Как только они оказались снаружи, корабельный воздух был изгнан из скафандров и заменен гель-воздухом — жидкостью, пригодной для дыхания. На какой-то момент Хоури показалось, что она тонет, но ей еще на Краю Неба приходилось неоднократно пользоваться скафандрами, так что ощущение дискомфорта скоро прошло. Теперь нормальная речь стала невозможной, но шлем скафандра имел в себе датчики, которые интерпретировали мысленные команды. Микрофоны в шлеме переводили звуки, поступающие снаружи, на соответствующие частоты, благодаря чему голоса, которые слышала Хоури, звучали совершенно нормально. Хотя спуск был труден и переносился тяжелее, чем спуск в шаттле, он все же не причинял больших неприятностей, если не считать изменения давления на глазные яблоки. По показаниям счетчиков Хоури установила, что перегрузки составили шесть g. Их вызвало действие ракетных двигателей, встроенных в спины и каблуки скафандров. Вольева руководила спуском, построив скафандры клином, у которого два «обитаемых» скафандра шли непосредственно за ней, а три подчиненных им пустых составляли арьергард. На первой стадии спуска скафандры сохраняли то положение, которое приняли еще на борту корабля, как бы повторяя в упрощенном варианте конфигурацию человеческого тела. Но когда на них появились первые отблески верхних слоев атмосферы Ресургема, скафандры заметно изменили свою форму. Их корпуса согнулись под углом в 45 градусов. Мембраны, скрепляющие конечности с основным корпусом, сжались, и эти детали жестко срослись с ним. Руки скафандров изменили положение. Теперь они были напряжены и вытянулись вперед. Шлемы вжались и как бы стали более плоскими. Над ними образовалась своего рода пологая арка из соединенных рук. Колонны ног срослись и образовали пылающий хвост. Прозрачные полосы, оставляемые скафандрами, быстро мутнели и гасили свечение, вызванное вхождением в атмосферу. Скафандры принимали столкновение с атмосферой таким образом, что сложный рисунок ударной волны ослаблялся и отражался микрорельефом их «шкуры». Хотя прямое видение в таких условиях не работало, скафандры продолжали воспринимать окружающую обстановку на других частотах и прекрасно справлялись с задачей адаптирования этих данных к человеческим чувствам. Глядя по сторонам и вниз, Хоури видела другие скафандры, каждый из которых был погружен в слегка светящуюся оболочку розовой плазмы.

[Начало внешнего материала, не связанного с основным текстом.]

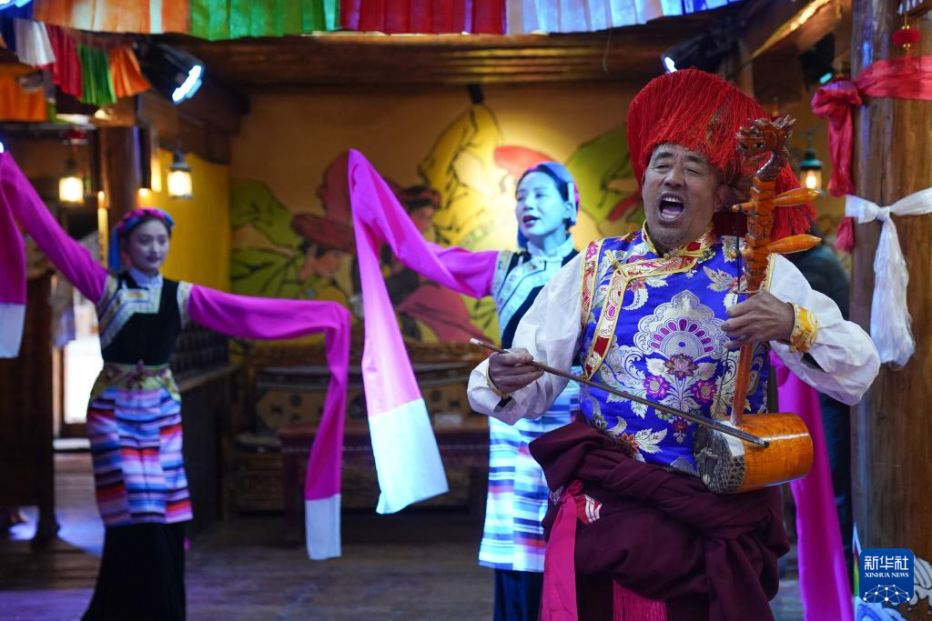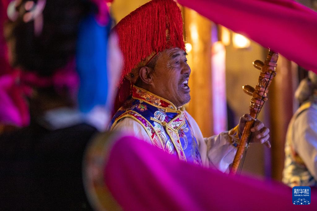 11月5日,在(zai)四川省甘(gan)孜藏族自治(zhi)(zhi)州(zhou)巴(ba)塘(tang)(tang)縣,王(wang)扎西在(zai)非(fei)遺傳習體驗館表演(yan)(yan)巴(ba)塘(tang)(tang)弦(xian)子舞(wu)(wu)。在(zai)四川省甘(gan)孜藏族自治(zhi)(zhi)州(zhou)巴(ba)塘(tang)(tang)縣,人們(men)時常跳起弦(xian)子舞(wu)(wu),這是一種集詩、琴、歌(ge)、舞(wu)(wu)于一體的(de)綜合(he)性表演(yan)(yan)藝術,領舞(wu)(wu)的(de)弦(xian)胡(hu)手是表演(yan)(yan)是否成功(gong)的(de)關鍵。弦(xian)胡(hu),通常用(yong)柏木做琴筒(tong),在(zai)琴桿頂部雕刻龍頭寶塔。今年(nian)66歲的(de)弦(xian)胡(hu)手王(wang)扎西是“巴(ba)塘(tang)(tang)弦(xian)子舞(wu)(wu)”的(de)省級非(fei)遺傳承(cheng)人。為(wei)保護并(bing)傳承(cheng)弦(xian)子舞(wu)(wu)和(he)弦(xian)胡(hu)制作技藝,王(wang)扎西在(zai)自己房屋里建起弦(xian)胡(hu)制作坊(fang),并(bing)在(zai)各類活動中表演(yan)(yan),展示弦(xian)胡(hu)的(de)韻律(lv)和(he)弦(xian)子舞(wu)(wu)的(de)魅力。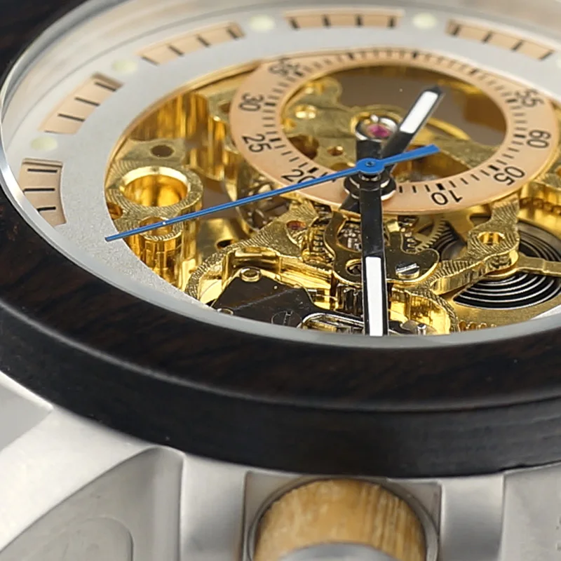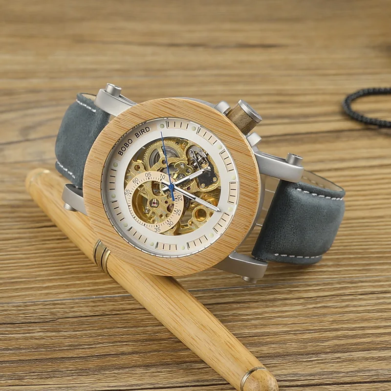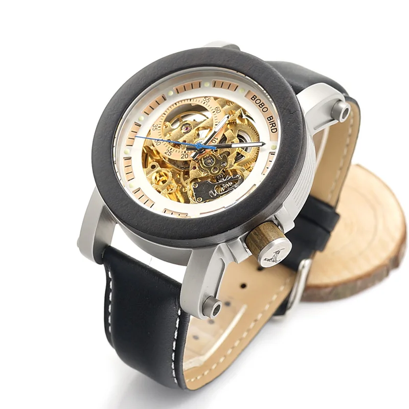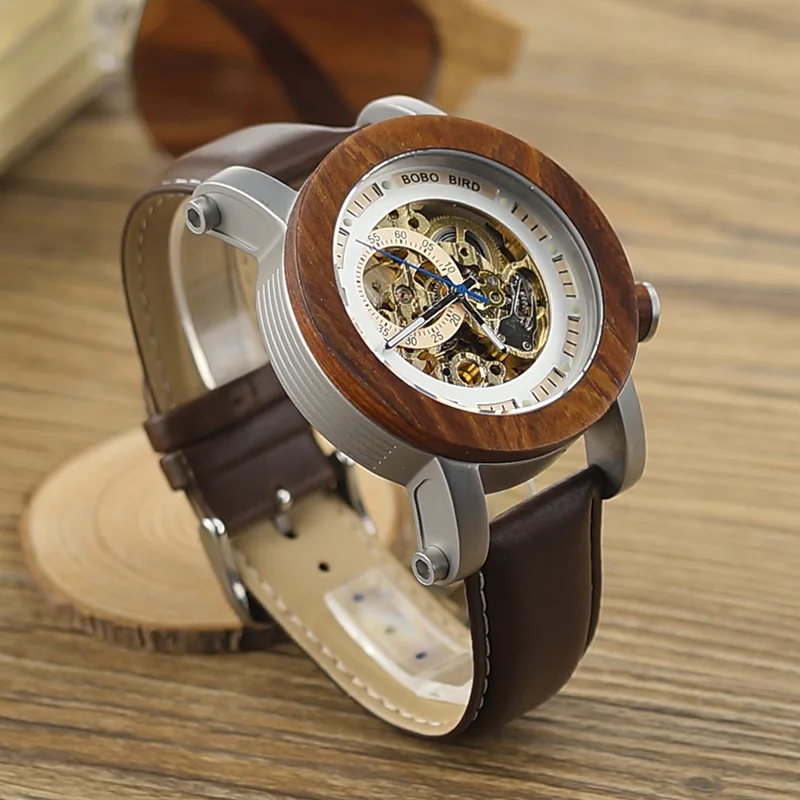 Мужские механические часы BOBO BIRD с деревянным ремешком, автомати...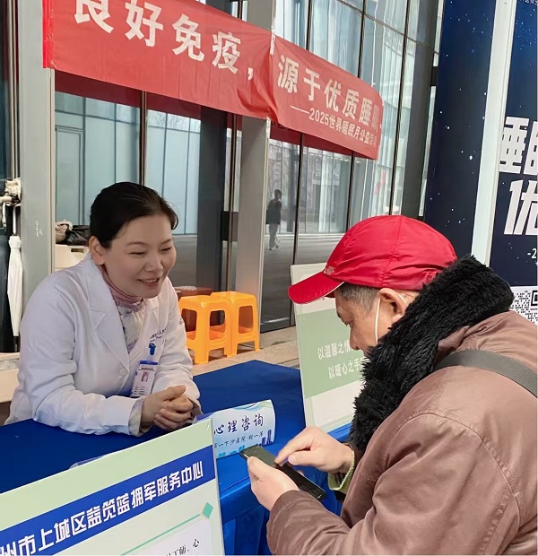 3.19采荷街道社区卫生服务中心开展“守护健康,共享美好——世界睡眠日”科普宣传,心理科副主任医师胡长春开展睡眠障碍咨询和义诊服务。
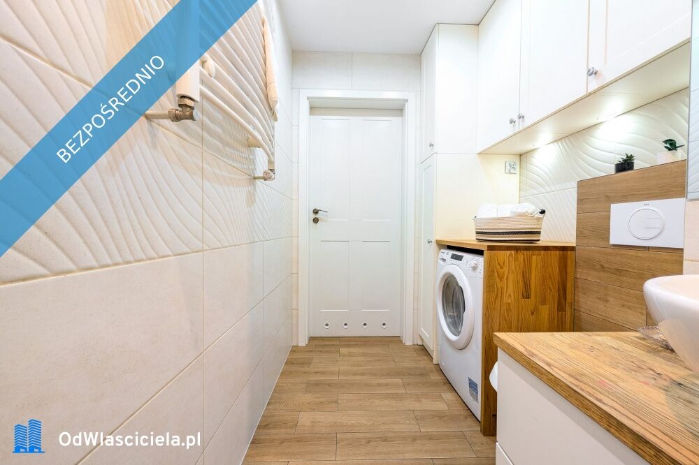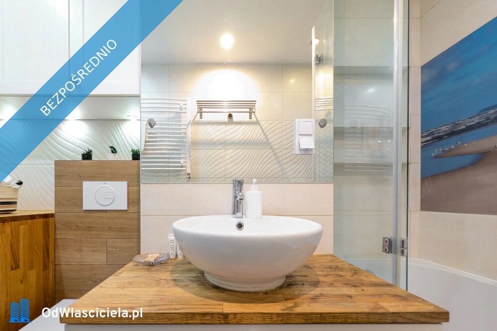Mieszkanie znajduje się na wyższym piętrze budynku z windą. Zostało urządzone przez projektantkę wnętrz – funkcjonalnie, nowocześnie i z dbałością o szczegóły.

На высоте двадцати километров скафандры использовали свои ракеты, чтобы замедлить падение до скорости звука, и трансформировали себя в соответствии с условиями уплотнившейся атмосферы в летательные аппараты размером чуть больше человеческого тела. На спинах скафандров возникли плавники-стабилизаторы, лицевые щитки стали прозрачными. Покоясь в «объятиях» скафандра, Хоури почти не ощущала этих изменений, она чувствовала лишь колебания давления стенок скафандра, что заставляло ее немного менять положение тела.
На высоте пятнадцати километров шестой скафандр вышел из общего строя и переключился на сверхзвуковой полет, одновременно придав себе идеальную аэродинамическую форму, которую человеческое тело могло бы обрести лишь с помощью сложнейшей хирургической операции. Используя ракетную тягу, он через несколько секунд исчез за горизонтом, двигаясь быстрее любого искусственного предмета, когда-либо посещавшего атмосферу Ресургема. Хоури знала, что этот скафандр должен подобрать Саджаки, встретившись с ним в заранее определенном месте, откуда тот недавно связывался с кораблем, закончив свои дела на Ресургеме.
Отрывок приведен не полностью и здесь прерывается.